Ram believes the board could have done better – as no one takes responsibility for lost value
It has been an emotional turmoil for suspended Choppies CEO Ramachandran Ottapathu – the listed entity’s leading individual shareholder.
Anger has eaten at him as he helplessly watched the company losing its hard earned value as the effects of his suspension – from the operations that only himself can hold together – wreaked havoc on the business. His worry is that the board has not balanced the action they took of laying him aside with the value loss of the business.
“No one will take responsibility for this value loss. The more they delay in resolving this, the more damage the business will suffer. It will not be easy to restore the business back on the path of growth,” he charged.
“I have been left very angry as I saw empty shelves in shops or when I became aware of an ill-treatment of a hard working employee,” confessed Ram; who at worst moments even felt he should just pack and leave.
Not an easy option to follow for a man who literally built the Choppies brand from scratch. He chose to remain loyal to his business despite the odds – which he sees as temporary.
In fact by his own admission, the wait is almost over for Choppies to be restored. His focus is on the September 4, 2019 Extraordinary General Meeting where a whole new board is set to be elected.
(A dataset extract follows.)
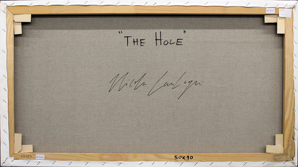 NICOLA CANCOGNI, "The Hole", olio su tela, dim 50x90. Al fronte: firma in basso al centro "Niko". Al verso: titolo e firma al centro.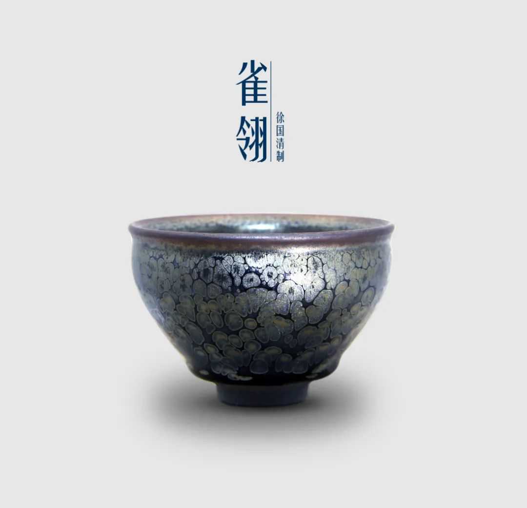 徐国清烧制的建盏器型精致,釉色优美,釉面采用天然矿釉,每只盏的斑纹和形状都有细微变化,意趣天籁,美轮美奂。

Former President Festus Mogae who has been chairing the board has already signalled that he will be stepping down.
Ram sees this moment as an opportunity to re-direct the fortunes of Botswana’s leading retailer. “The future of the business is in the hands of shareholders,” he proclaims, keeping his cards close to the chest of how he anticipates things would pan out from the meeting.
He has already gotten his way of having shareholders vote through secret ballot than show of hands. All he lets out is that he would not have gone to this point had he not been confident that the shareholders would do what is necessary to rescue the business. He skids around the question of whether he has the necessary numbers to push his decision; shielding himself by only breaking into a smile.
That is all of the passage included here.